Nicholas Albert "Nick" Lowe (born October 7, 1979) is the vice president of Content, Digital Publishing and executive editor at Marvel Comics. He was formerly senior editor of the X-Men titles. He was responsible for the Nextwave title, along with The Eternals by Neil Gaiman.

==Early life==
Lowe grew up on the west side of Cleveland. During high school, he attended the prestigious St. Ignatius High School. While there he participated in school plays and musicals. Lowe attended The Catholic University of America, majoring in drama.

==Career==
Lowe began his comics career as an intern at Marvel Comics during the inception of the Marvel Knights line. Commenting his fanlike enthusiasm for handling art by notable artists, Lowe recalls, "The best thing was making copies, which sounds insane, I know, but it was photocopying comic art...Come on! John Romita Jr., Frank Quitely, Joe [Quesada], Carlos Pacheco, Barry Windsor Smith—it was awesome. I ran errands, filed things, organized comics, etc. The most unexpected [assignment] was when Axel Alonso asked me to read the first Incredible Hulk issue of his editorial run and offer feedback and suggestions. That was a blast."

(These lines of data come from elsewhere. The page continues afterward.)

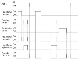 A. If alternator level is high(ALT L=On), BCM activates Canada DRL functionality and turns on the Head lamp high (CANADA DRL=On).
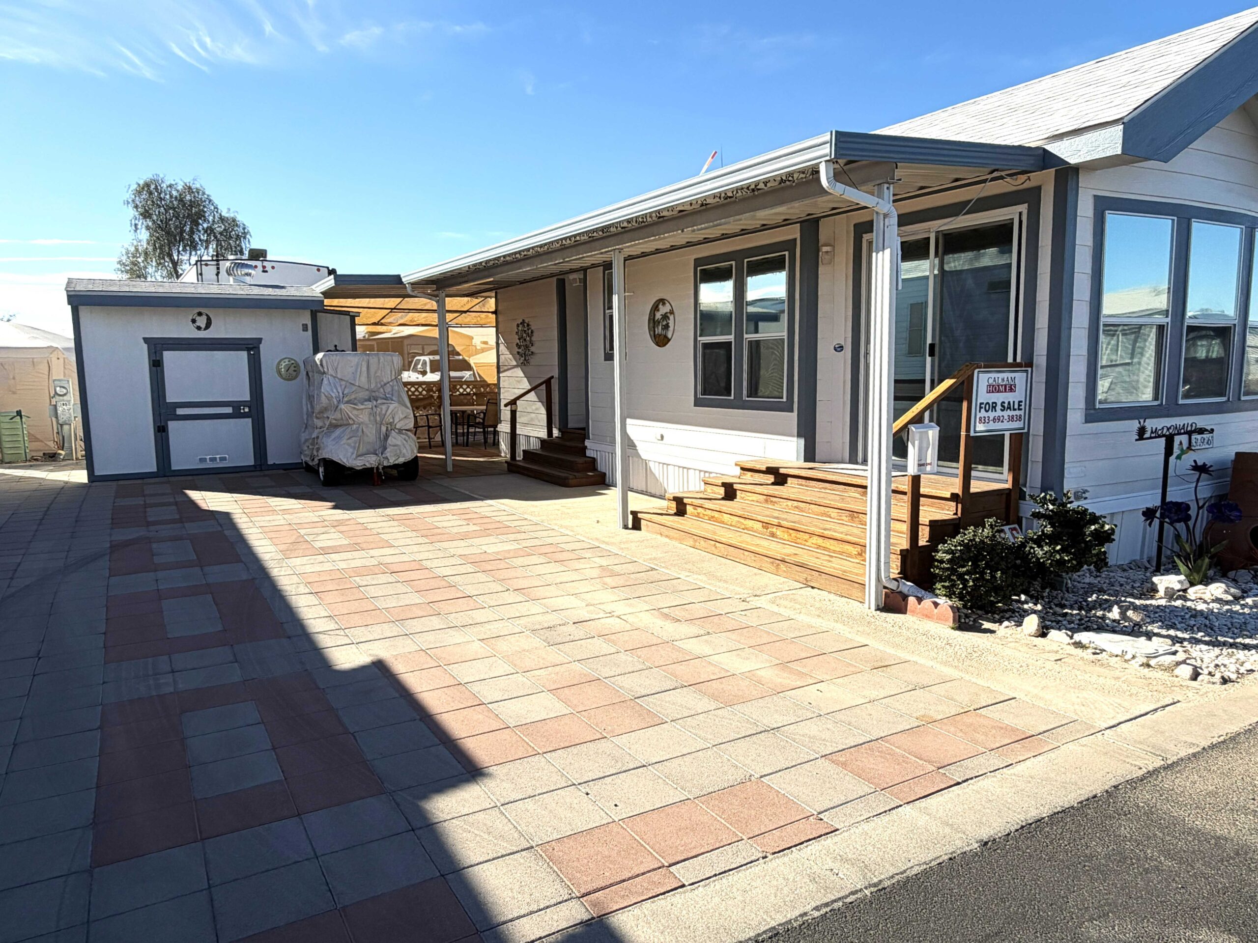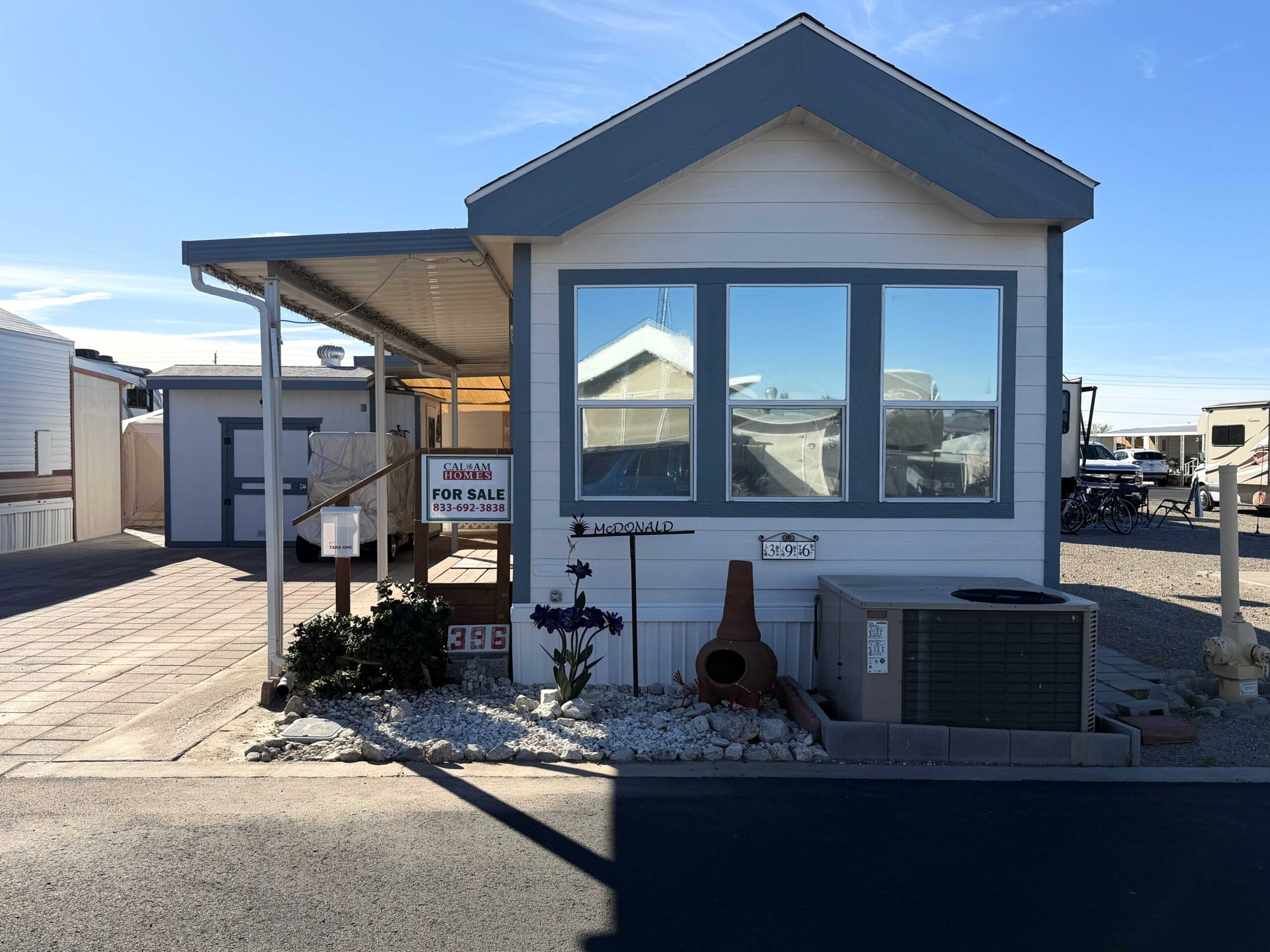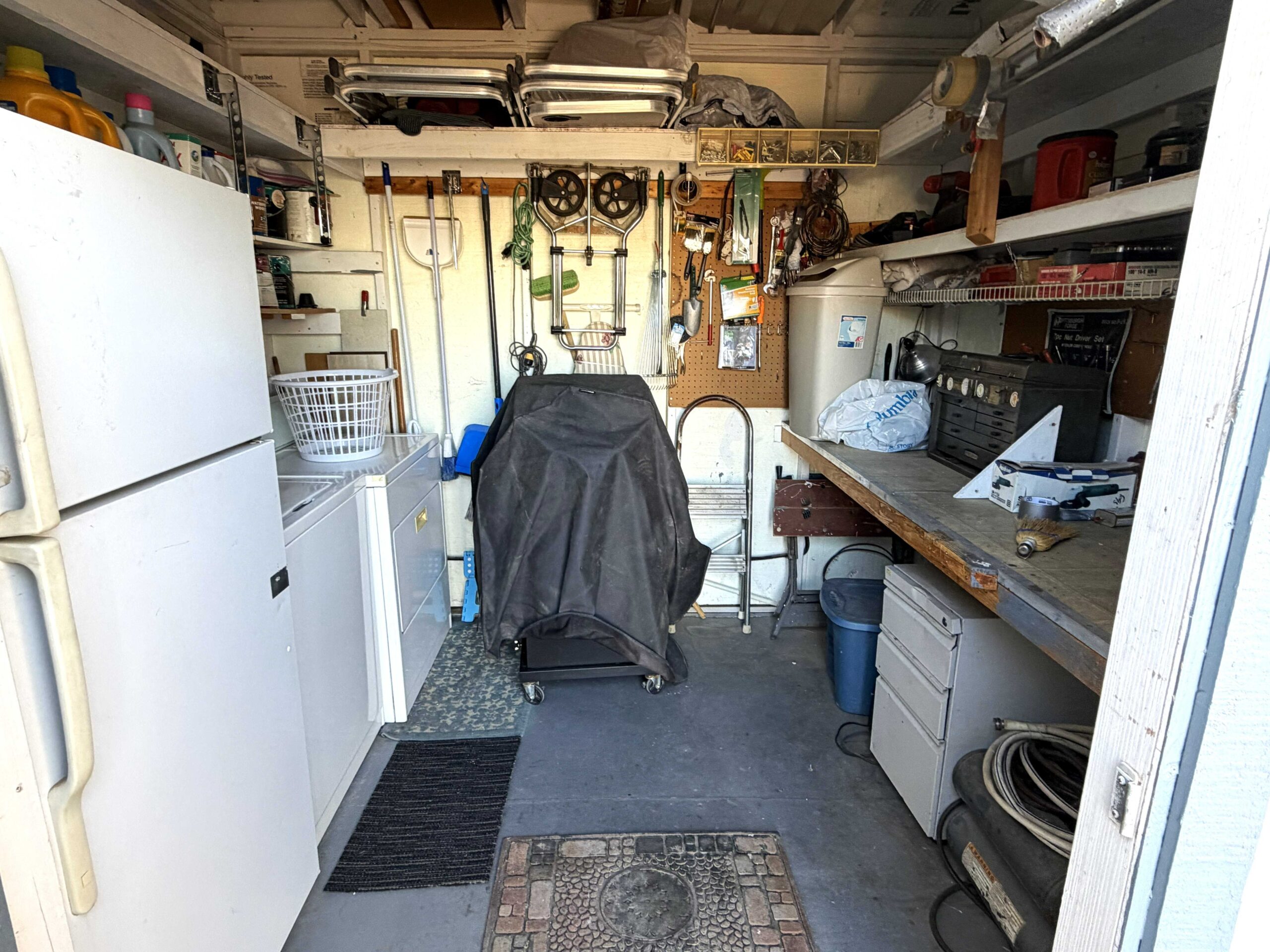 - Big shed with washer, dryer, and extra fridge
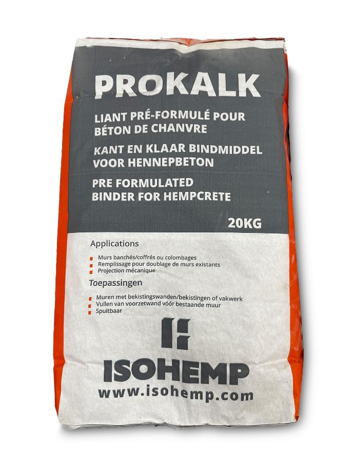 ProKalk ist ein speziell entwickeltes Bindemittel für das Herstellen von Hanfkalk. Es besteht aus hydraulischem Kalk und Luftkalk. Es handelt sich um ein gebrauchsfertiges Produkt, mit dem Sie vor Ort Mischungen herstellen können und somit das Risiko einer falschen Dosierung vermeiden.
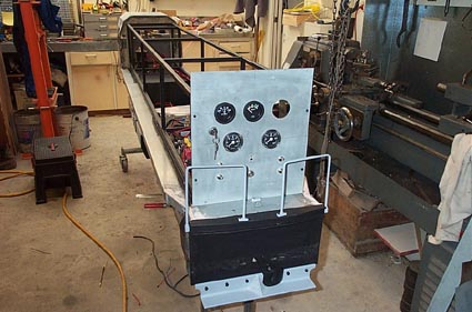 At the other end of the loco the control panel is taking shape. It incorporates ammeters, volt meter, vacuum gauges, switches, speedometer and socket for remote control. The top has yet to be shaped to fit under the long bonnet.
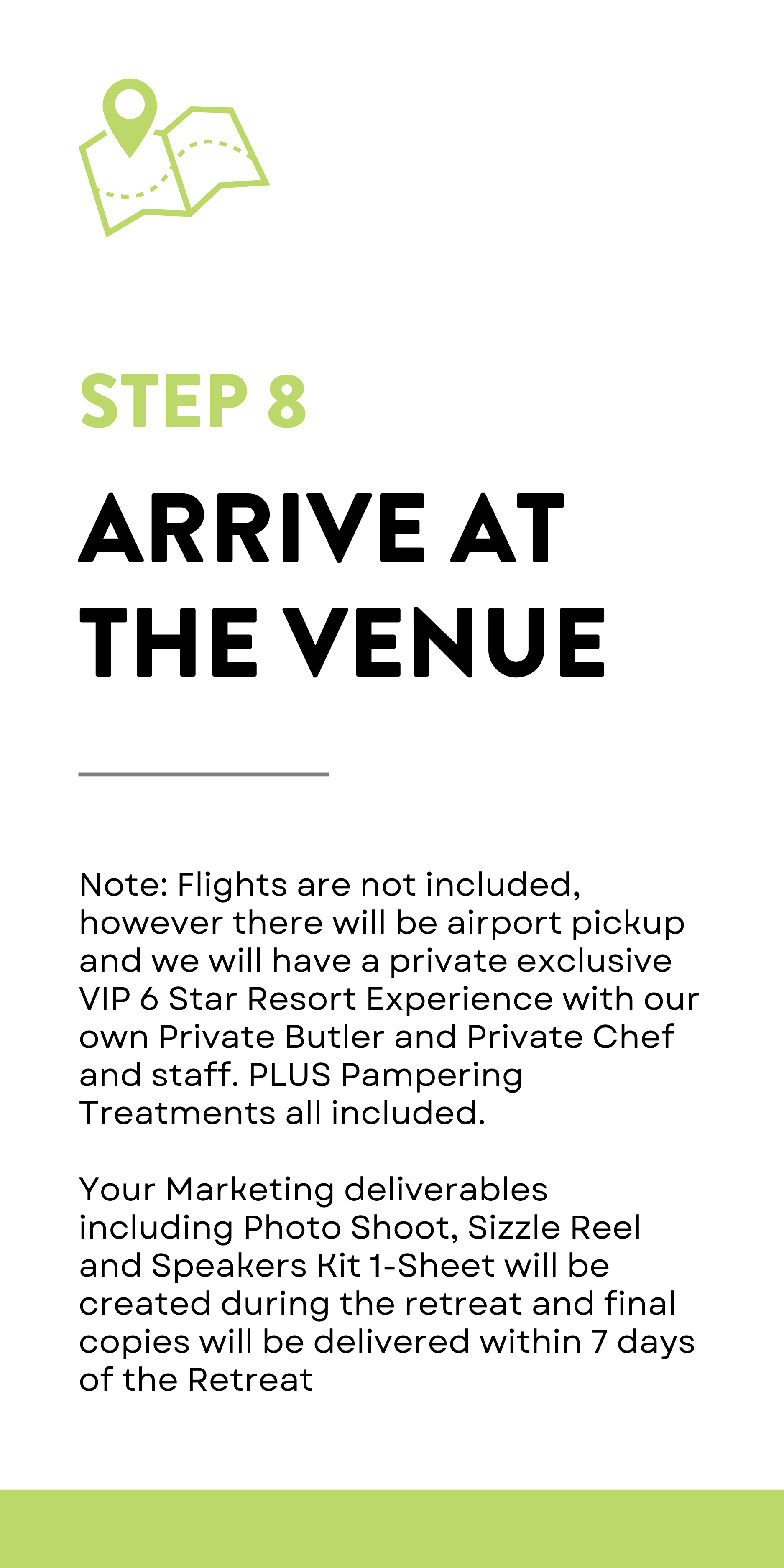 Receiving and signing off on completing marketing assets within 14 days of retreat completion
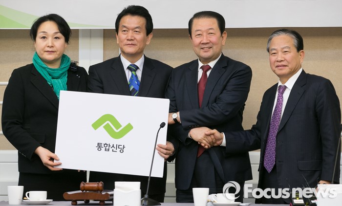 (서울=포커스뉴스) 21일 오전 서울 여의도 국회 귀빈식당에서 박주선(오른쪽 두번째) 통합신당 창당준비위원장이 운영위원회의를 열고 당 로고 및 인선발표 후 주요 당직자들과 포즈를 취하고 있다.
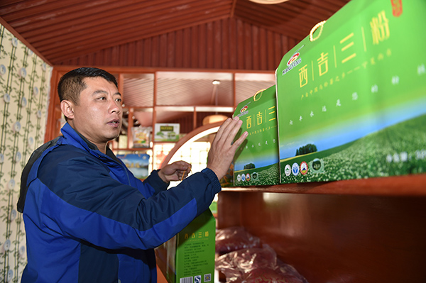 游客在宁夏西吉县龙王坝村选购特色农产品(10月13日摄)。
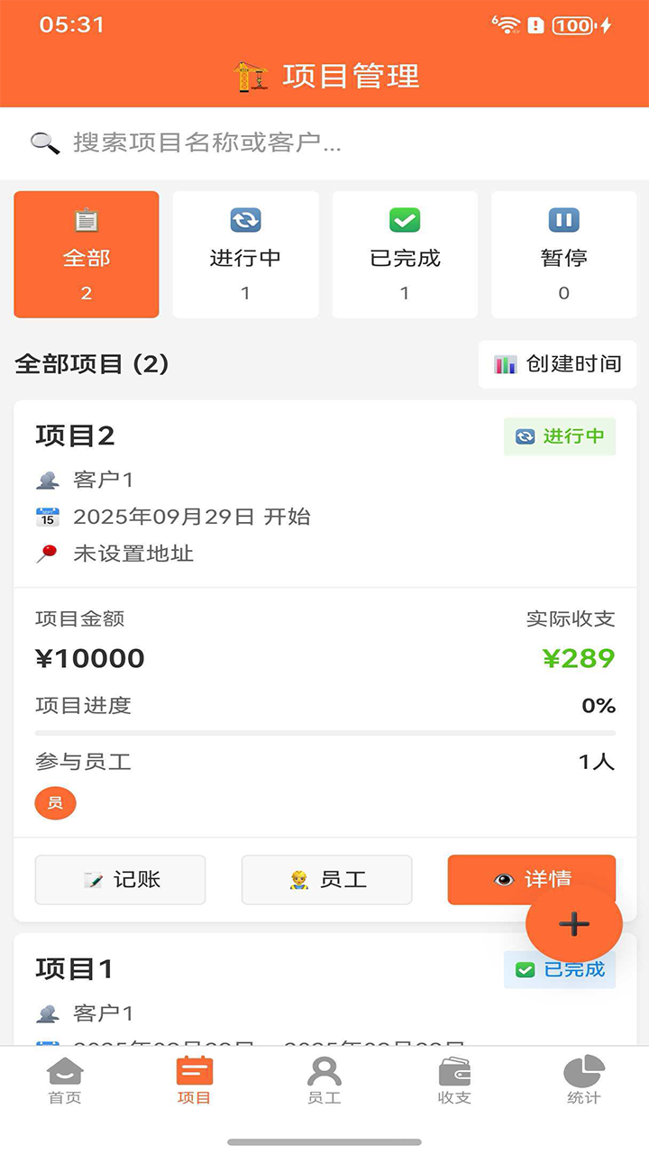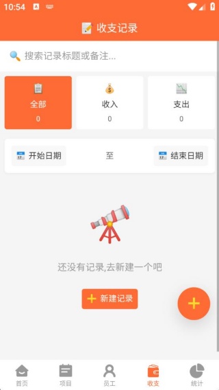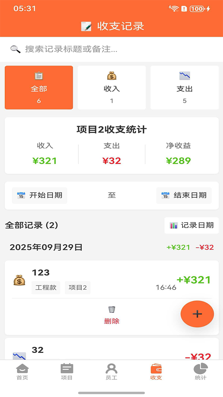 收支记录:快速记录工程收入和各项支出,支持按项目、日期、类型筛选
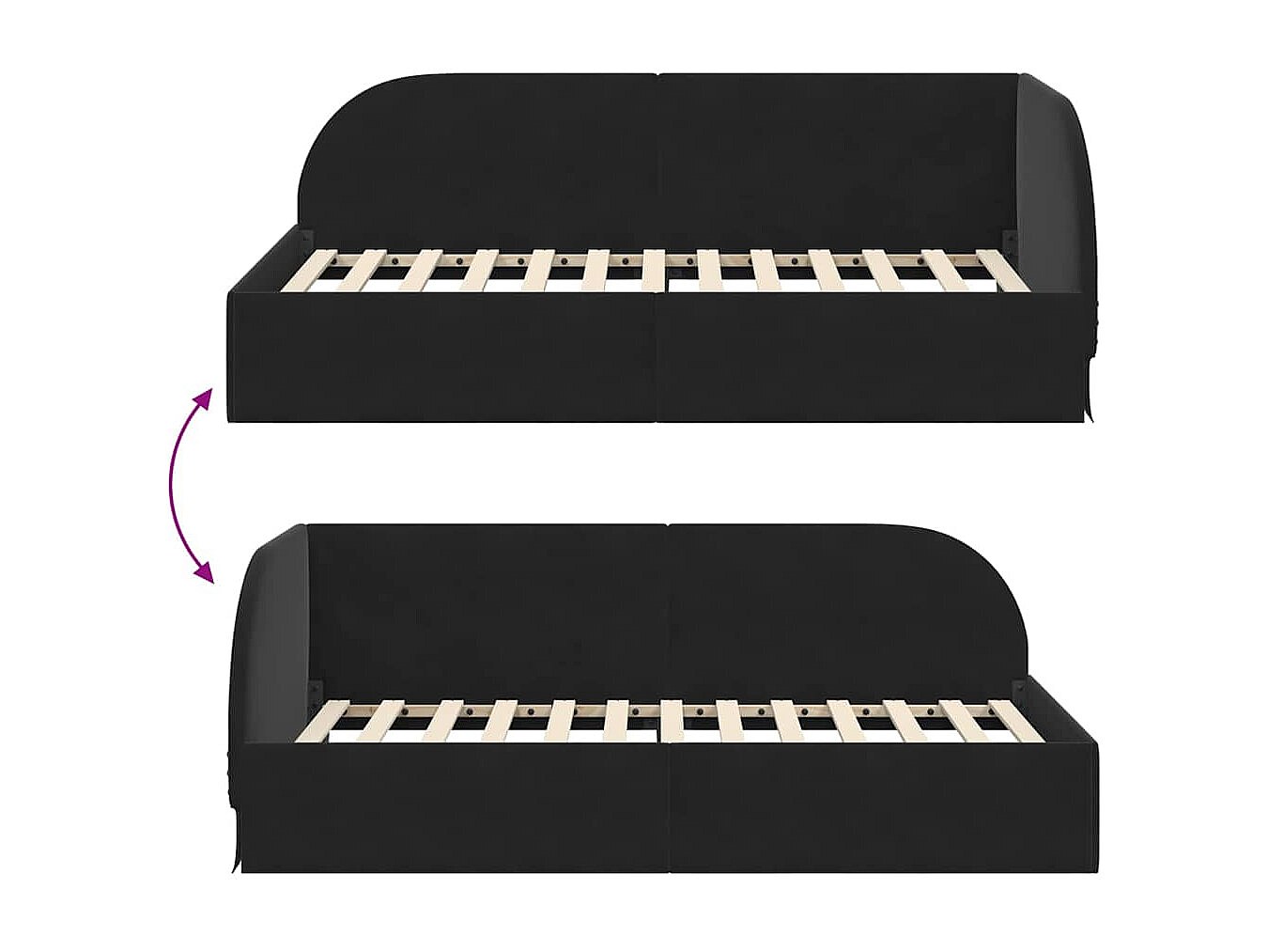 Cadre de lit d'angle avec tête de lit Noir 90 x 200 cm Velours

Lowe has edited many books in the Ultimate Marvel line, notably Ultimate Spider-Man, The Ultimates, and Ultimate Iron Man, the book for which he brought noted novelist Orson Scott Card to the Marvel fold. Lowe also worked on Neil Gaiman's 1602, The Eternals, Supreme Power, The Punisher: Born, Silk: The Life and Times of Cindy Moon, and Runaways. He was made the editor on X-Men after Axel Alonso left that position.

Lowe approached J. J. Abrams about collaborating on a Spider-Man venture around 2009. Ten years later, Cadaverous, a new villain, was introduced.

Lowe is also well known for making audio drops for the popular podcast, The Glass Cannon, based on the Pathfinder Roleplaying Game.